2016-04-23, 09:45
|
#1
|
Konto usunięte
Zarejestrowany: 2013-09
Wiadomości: 97
|
Nowa generacja drogeryjnych masek ("skrobiowe") - wrażenia?
[Czy mogę tak po prostu założyć nowy wątek, bez podpinania się pod jeden z tych tasiemców?]

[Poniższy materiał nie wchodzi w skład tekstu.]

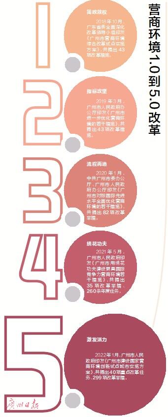2021年9月,广州入选全国首批营商环境创新试点城市。以此为契机,广州营商环境改革再次翻开新篇章,以“激发活力”为主线,迈入5.0时代。今年1月,广州印发《广州市建设国家营商环境创新试点城市实施方案》,共提出40项重点改革任务、299项改革举措,以制度创新为核心,着力破除阻碍市场主体投资兴业的体制机制障碍,更大力度激发市场主体活力和社会创造力。

Od jakiegoś czasu mam problem ze znalezieniem w drogerii normalnej maski w rodzaju Fructis albo Elseve. Garnier ma frustrujący zwyczaj wypuszczania nowych wersji lub linii i zastępowania nimi starych, które się dobrze u mnie sprawdzały (czerwonej do włosów farbowanych bezskutecznie szukam od kiedy pojawiły się te błękitne, niby na porost czy tam wypadanie). Wszystkie nowe wersje masek Elseve (od czasu Fibrology: różowa "rozświetlająca", nowa czerwona do farb.) oraz nowe Fructisy (niebieski i jeszcze któryś) opierają się nie na alkoholu cetylowym, tylko na hydroxypropyl starch phosphate (pochodnej skrobi), czyli na starej formule tych błyskawicznych odżywek (kuracji?) w tubach, które nie były złe, ale nie były też maskami Tzn. powlekały filmem, wygładzały, pogrubiały (w pakiecie z opcją nadbudowania się z czasem) ale nie nadawały się zupełnie do trzymania dłużej niż pół minuty-minuta, nie nawilżały, nie zmiękczały lub zmiękczały w niewielkim stopniu. Mnie trzeba maski, a nie odpowiednika silikonowego serum na końcówki.
Moje pytanie brzmi: czy ktoś z was używał starych Elsevów lub Fructisów oraz nowych i ma porównanie? Czy te nowe formuły rzeczywiście przypominają bardziej stare z tub?